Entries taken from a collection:
┏━━

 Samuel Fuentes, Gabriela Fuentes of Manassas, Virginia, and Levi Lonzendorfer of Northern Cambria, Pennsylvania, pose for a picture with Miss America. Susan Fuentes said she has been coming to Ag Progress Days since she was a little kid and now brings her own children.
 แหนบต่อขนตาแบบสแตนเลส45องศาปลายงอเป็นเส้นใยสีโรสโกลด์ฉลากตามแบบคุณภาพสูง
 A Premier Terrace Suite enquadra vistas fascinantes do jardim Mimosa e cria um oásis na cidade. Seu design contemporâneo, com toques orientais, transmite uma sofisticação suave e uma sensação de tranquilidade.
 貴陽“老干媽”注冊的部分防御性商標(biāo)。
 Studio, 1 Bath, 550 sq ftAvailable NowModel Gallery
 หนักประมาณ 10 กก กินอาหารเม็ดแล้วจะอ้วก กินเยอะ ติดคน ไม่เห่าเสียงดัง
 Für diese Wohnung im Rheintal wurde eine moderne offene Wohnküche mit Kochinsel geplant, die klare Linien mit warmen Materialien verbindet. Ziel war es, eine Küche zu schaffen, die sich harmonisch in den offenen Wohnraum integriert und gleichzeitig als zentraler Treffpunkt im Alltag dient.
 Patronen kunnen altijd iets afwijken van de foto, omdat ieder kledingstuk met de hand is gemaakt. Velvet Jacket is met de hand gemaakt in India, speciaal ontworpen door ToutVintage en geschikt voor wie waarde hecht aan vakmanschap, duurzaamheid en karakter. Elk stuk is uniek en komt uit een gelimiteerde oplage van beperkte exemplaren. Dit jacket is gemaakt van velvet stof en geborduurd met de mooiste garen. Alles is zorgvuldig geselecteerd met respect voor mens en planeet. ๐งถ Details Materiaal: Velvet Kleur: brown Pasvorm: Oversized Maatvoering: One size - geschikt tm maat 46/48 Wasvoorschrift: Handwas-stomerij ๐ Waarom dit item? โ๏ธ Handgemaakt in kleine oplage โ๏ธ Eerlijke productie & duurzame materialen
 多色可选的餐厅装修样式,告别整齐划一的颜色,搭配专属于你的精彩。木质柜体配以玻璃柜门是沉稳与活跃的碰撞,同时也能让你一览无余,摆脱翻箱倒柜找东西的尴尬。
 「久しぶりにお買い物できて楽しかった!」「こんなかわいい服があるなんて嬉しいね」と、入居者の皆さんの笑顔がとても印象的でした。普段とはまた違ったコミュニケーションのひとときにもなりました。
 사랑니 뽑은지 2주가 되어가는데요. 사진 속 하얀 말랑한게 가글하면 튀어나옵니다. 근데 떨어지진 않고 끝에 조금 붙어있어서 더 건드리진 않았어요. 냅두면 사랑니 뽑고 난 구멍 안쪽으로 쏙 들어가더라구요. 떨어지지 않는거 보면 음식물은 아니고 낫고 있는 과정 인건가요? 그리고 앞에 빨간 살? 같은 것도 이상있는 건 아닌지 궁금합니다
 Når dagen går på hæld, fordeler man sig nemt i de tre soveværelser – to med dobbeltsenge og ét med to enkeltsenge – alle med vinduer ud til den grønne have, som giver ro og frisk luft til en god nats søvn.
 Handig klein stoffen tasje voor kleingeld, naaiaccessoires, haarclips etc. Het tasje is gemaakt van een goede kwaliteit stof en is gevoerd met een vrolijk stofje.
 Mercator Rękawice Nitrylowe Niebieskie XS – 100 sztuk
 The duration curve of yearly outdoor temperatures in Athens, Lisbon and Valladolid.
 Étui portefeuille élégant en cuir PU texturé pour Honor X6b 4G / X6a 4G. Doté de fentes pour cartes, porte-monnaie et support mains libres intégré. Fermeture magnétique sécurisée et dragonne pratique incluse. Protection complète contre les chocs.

┗━━

* **Exercise prompt**
Take the entries and copy them out exactly.

* **Response to the exercise**
 Samuel Fuentes, Gabriela Fuentes of Manassas, Virginia, and Levi Lonzendorfer of Northern Cambria, Pennsylvania, pose for a picture with Miss America. Susan Fuentes said she has been coming to Ag Progress Days since she was a little kid and now brings her own children.
 แหนบต่อขนตาแบบสแตนเลส45องศาปลายงอเป็นเส้นใยสีโรสโกลด์ฉลากตามแบบคุณภาพสูง
 A Premier Terrace Suite enquadra vistas fascinantes do jardim Mimosa e cria um oásis na cidade. Seu design contemporâneo, com toques orientais, transmite uma sofisticação suave e uma sensação de tranquilidade.
 貴陽“老干媽”注冊的部分防御性商標(biāo)。
 Studio, 1 Bath, 550 sq ftAvailable NowModel Gallery
 หนักประมาณ 10 กก กินอาหารเม็ดแล้วจะอ้วก กินเยอะ ติดคน ไม่เห่าเสียงดัง
 Für diese Wohnung im Rheintal wurde eine moderne offene Wohnküche mit Kochinsel geplant, die klare Linien mit warmen Materialien verbindet. Ziel war es, eine Küche zu schaffen, die sich harmonisch in den offenen Wohnraum integriert und gleichzeitig als zentraler Treffpunkt im Alltag dient.
 Patronen kunnen altijd iets afwijken van de foto, omdat ieder kledingstuk met de hand is gemaakt. Velvet Jacket is met de hand gemaakt in India, speciaal ontworpen door ToutVintage en geschikt voor wie waarde hecht aan vakmanschap, duurzaamheid en karakter. Elk stuk is uniek en komt uit een gelimiteerde oplage van beperkte exemplaren. Dit jacket is gemaakt van velvet stof en geborduurd met de mooiste garen. Alles is zorgvuldig geselecteerd met respect voor mens en planeet. ๐งถ Details Materiaal: Velvet Kleur: brown Pasvorm: Oversized Maatvoering: One size - geschikt tm maat 46/48 Wasvoorschrift: Handwas-stomerij ๐ Waarom dit item? โ๏ธ Handgemaakt in kleine oplage โ๏ธ Eerlijke productie & duurzame materialen
 多色可选的餐厅装修样式,告别整齐划一的颜色,搭配专属于你的精彩。木质柜体配以玻璃柜门是沉稳与活跃的碰撞,同时也能让你一览无余,摆脱翻箱倒柜找东西的尴尬。
 「久しぶりにお買い物できて楽しかった!」「こんなかわいい服があるなんて嬉しいね」と、入居者の皆さんの笑顔がとても印象的でした。普段とはまた違ったコミュニケーションのひとときにもなりました。
 사랑니 뽑은지 2주가 되어가는데요. 사진 속 하얀 말랑한게 가글하면 튀어나옵니다. 근데 떨어지진 않고 끝에 조금 붙어있어서 더 건드리진 않았어요. 냅두면 사랑니 뽑고 난 구멍 안쪽으로 쏙 들어가더라구요. 떨어지지 않는거 보면 음식물은 아니고 낫고 있는 과정 인건가요? 그리고 앞에 빨간 살? 같은 것도 이상있는 건 아닌지 궁금합니다
 Når dagen går på hæld, fordeler man sig nemt i de tre soveværelser – to med dobbeltsenge og ét med to enkeltsenge – alle med vinduer ud til den grønne have, som giver ro og frisk luft til en god nats søvn.
 Handig klein stoffen tasje voor kleingeld, naaiaccessoires, haarclips etc. Het tasje is gemaakt van een goede kwaliteit stof en is gevoerd met een vrolijk stofje.
 Mercator Rękawice Nitrylowe Niebieskie XS – 100 sztuk
 The duration curve of yearly outdoor temperatures in Athens, Lisbon and Valladolid.
 Étui portefeuille élégant en cuir PU texturé pour Honor X6b 4G / X6a 4G. Doté de fentes pour cartes, porte-monnaie et support mains libres intégré. Fermeture magnétique sécurisée et dragonne pratique incluse. Protection complète contre les chocs.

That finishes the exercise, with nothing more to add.